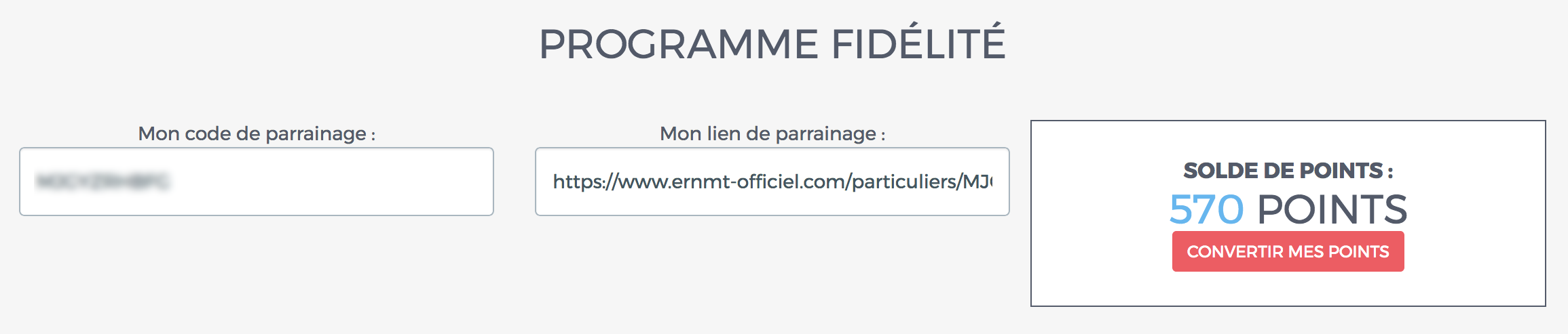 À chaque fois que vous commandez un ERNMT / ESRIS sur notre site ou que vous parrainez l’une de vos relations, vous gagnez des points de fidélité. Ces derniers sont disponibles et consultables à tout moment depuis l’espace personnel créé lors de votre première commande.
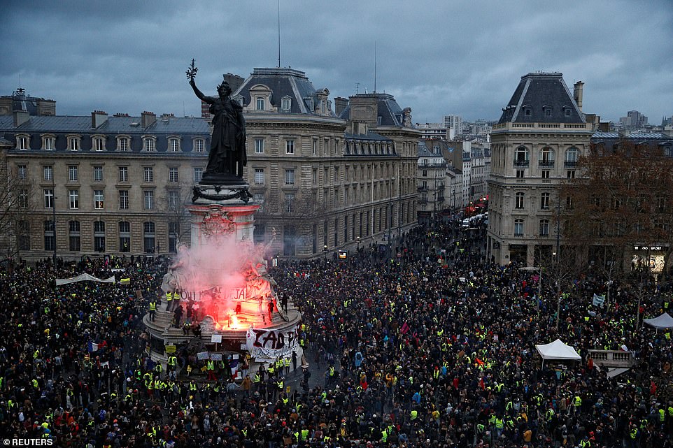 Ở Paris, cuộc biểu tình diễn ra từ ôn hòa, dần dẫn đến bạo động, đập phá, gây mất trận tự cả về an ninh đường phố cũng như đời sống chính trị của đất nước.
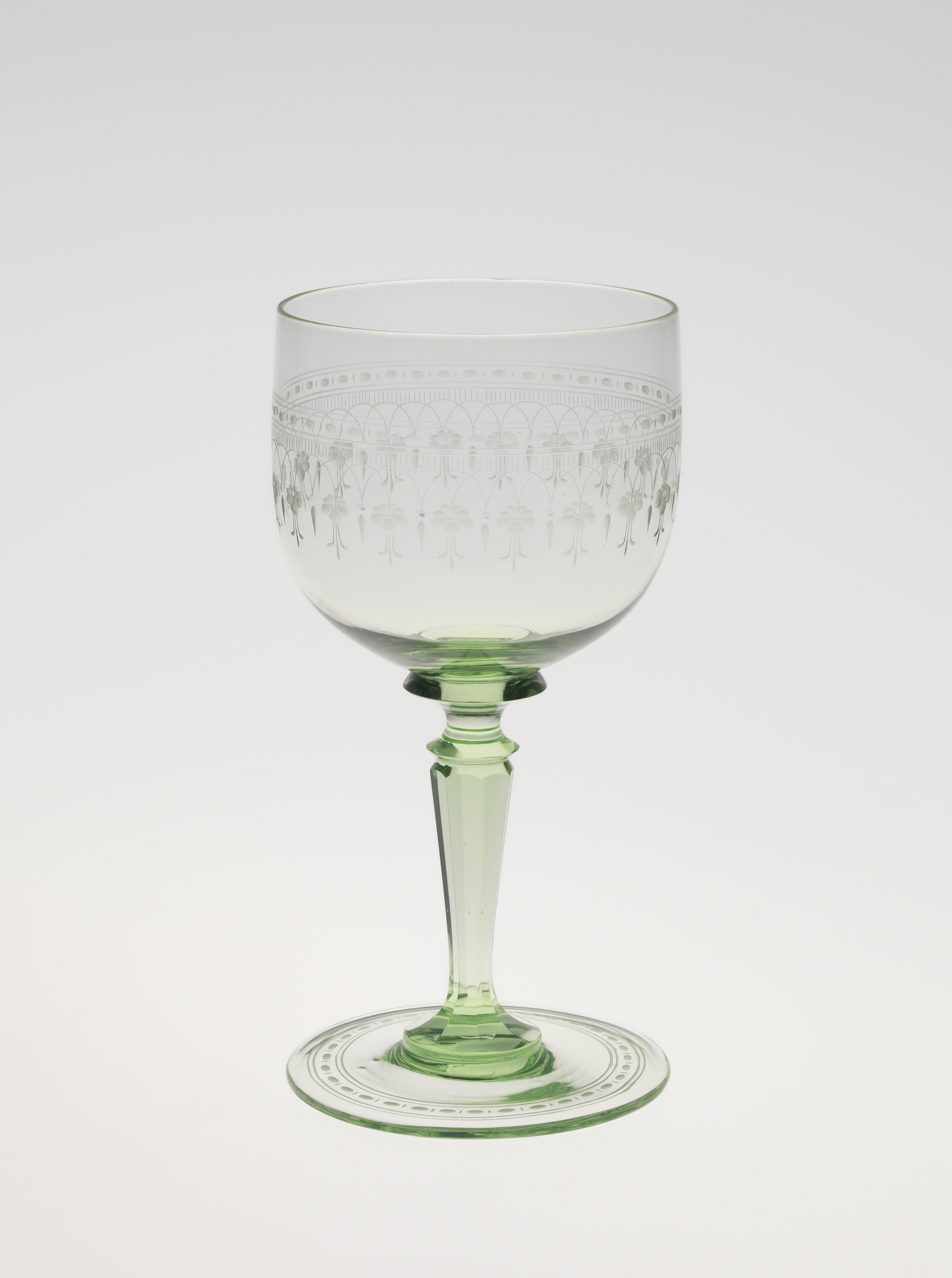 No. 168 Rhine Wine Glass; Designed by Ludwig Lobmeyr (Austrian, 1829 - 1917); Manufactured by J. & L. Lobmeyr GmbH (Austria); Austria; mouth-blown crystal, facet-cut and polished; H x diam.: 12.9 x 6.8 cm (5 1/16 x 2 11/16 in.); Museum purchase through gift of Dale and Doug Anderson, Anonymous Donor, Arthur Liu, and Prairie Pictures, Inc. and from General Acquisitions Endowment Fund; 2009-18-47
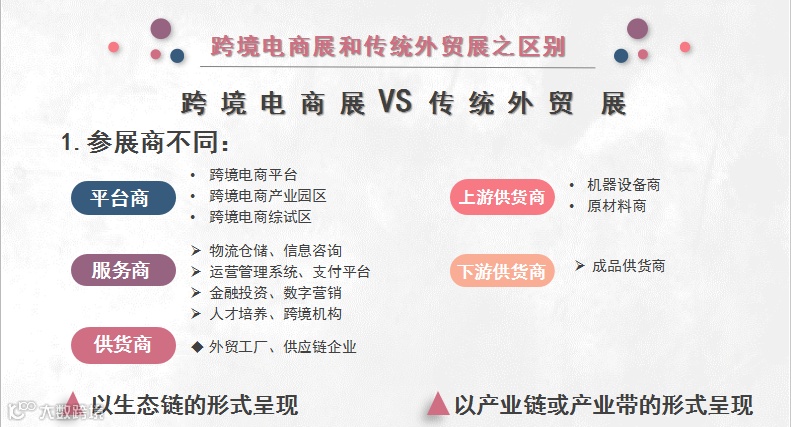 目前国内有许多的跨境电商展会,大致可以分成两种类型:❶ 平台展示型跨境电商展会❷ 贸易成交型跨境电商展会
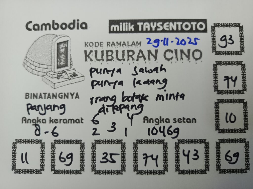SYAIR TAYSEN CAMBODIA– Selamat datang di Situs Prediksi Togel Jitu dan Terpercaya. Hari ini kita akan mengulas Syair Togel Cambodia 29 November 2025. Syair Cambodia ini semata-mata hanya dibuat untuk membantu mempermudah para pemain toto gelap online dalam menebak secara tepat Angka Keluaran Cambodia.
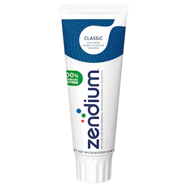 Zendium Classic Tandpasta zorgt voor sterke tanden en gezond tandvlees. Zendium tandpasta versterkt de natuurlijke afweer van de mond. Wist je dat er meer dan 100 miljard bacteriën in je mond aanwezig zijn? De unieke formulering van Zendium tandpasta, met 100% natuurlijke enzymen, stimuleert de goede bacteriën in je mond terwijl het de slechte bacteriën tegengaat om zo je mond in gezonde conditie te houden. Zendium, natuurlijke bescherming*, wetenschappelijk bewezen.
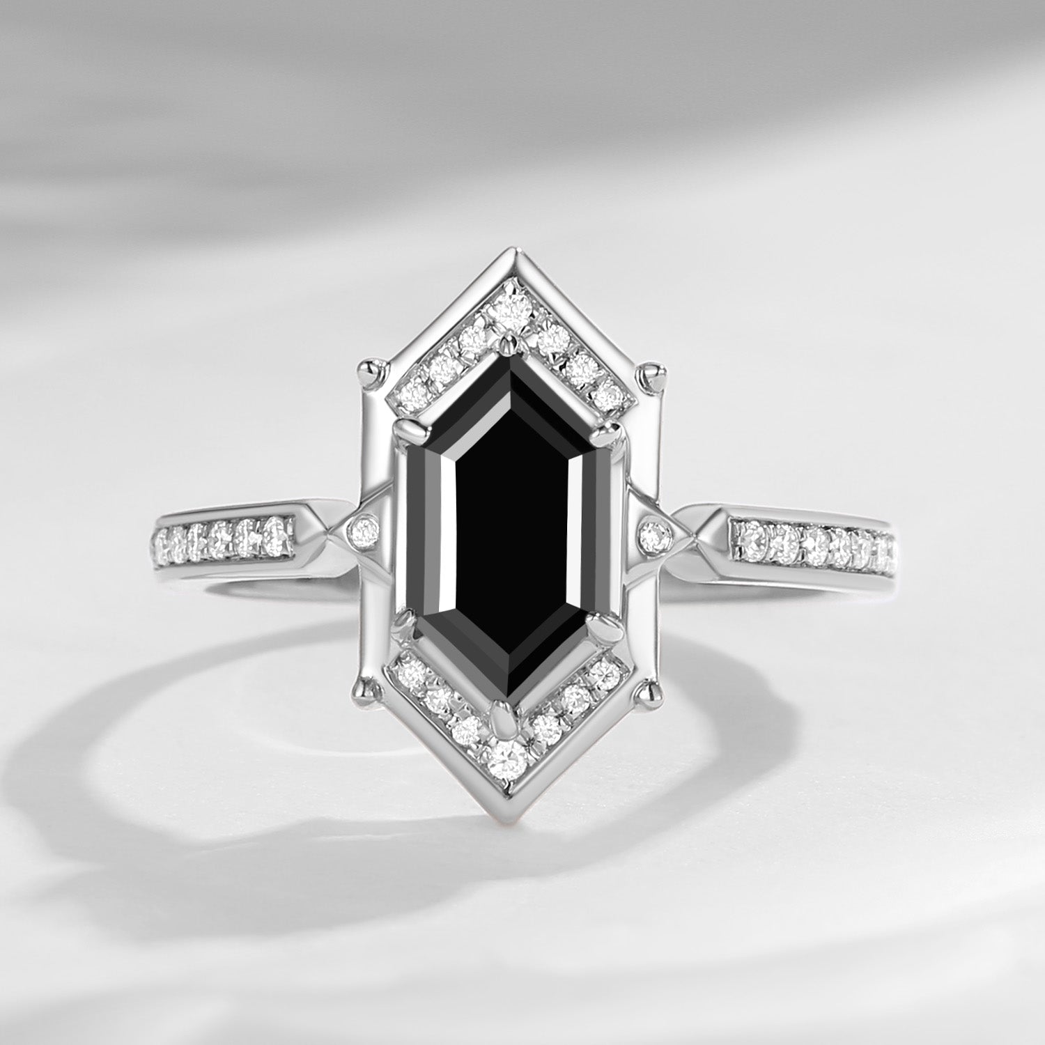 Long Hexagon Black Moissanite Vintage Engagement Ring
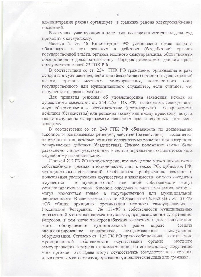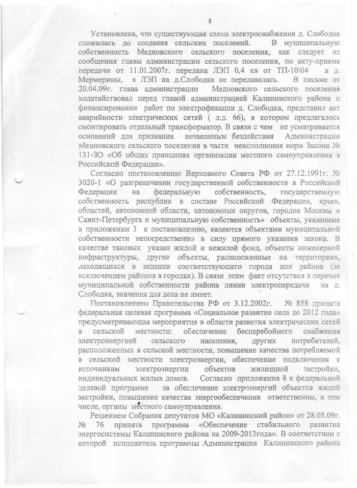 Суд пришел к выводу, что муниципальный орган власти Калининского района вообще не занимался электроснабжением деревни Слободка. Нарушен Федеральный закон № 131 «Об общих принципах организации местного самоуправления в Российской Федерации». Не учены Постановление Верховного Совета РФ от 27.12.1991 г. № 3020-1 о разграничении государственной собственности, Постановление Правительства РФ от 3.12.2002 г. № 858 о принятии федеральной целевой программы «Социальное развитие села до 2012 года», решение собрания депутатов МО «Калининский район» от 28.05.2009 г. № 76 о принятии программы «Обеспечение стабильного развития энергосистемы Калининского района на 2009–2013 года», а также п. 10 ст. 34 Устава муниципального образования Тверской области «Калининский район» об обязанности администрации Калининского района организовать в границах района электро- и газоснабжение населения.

· · · · ·

What to do
Repeat exactly and only the lines from the one holding "Zendium Classic Tandpasta" through the final line of the entries; no pictures.

Completed task
 Zendium Classic Tandpasta zorgt voor sterke tanden en gezond tandvlees. Zendium tandpasta versterkt de natuurlijke afweer van de mond. Wist je dat er meer dan 100 miljard bacteriën in je mond aanwezig zijn? De unieke formulering van Zendium tandpasta, met 100% natuurlijke enzymen, stimuleert de goede bacteriën in je mond terwijl het de slechte bacteriën tegengaat om zo je mond in gezonde conditie te houden. Zendium, natuurlijke bescherming*, wetenschappelijk bewezen.
 Long Hexagon Black Moissanite Vintage Engagement Ring
 Суд пришел к выводу, что муниципальный орган власти Калининского района вообще не занимался электроснабжением деревни Слободка. Нарушен Федеральный закон № 131 «Об общих принципах организации местного самоуправления в Российской Федерации». Не учены Постановление Верховного Совета РФ от 27.12.1991 г. № 3020-1 о разграничении государственной собственности, Постановление Правительства РФ от 3.12.2002 г. № 858 о принятии федеральной целевой программы «Социальное развитие села до 2012 года», решение собрания депутатов МО «Калининский район» от 28.05.2009 г. № 76 о принятии программы «Обеспечение стабильного развития энергосистемы Калининского района на 2009–2013 года», а также п. 10 ст. 34 Устава муниципального образования Тверской области «Калининский район» об обязанности администрации Калининского района организовать в границах района электро- и газоснабжение населения.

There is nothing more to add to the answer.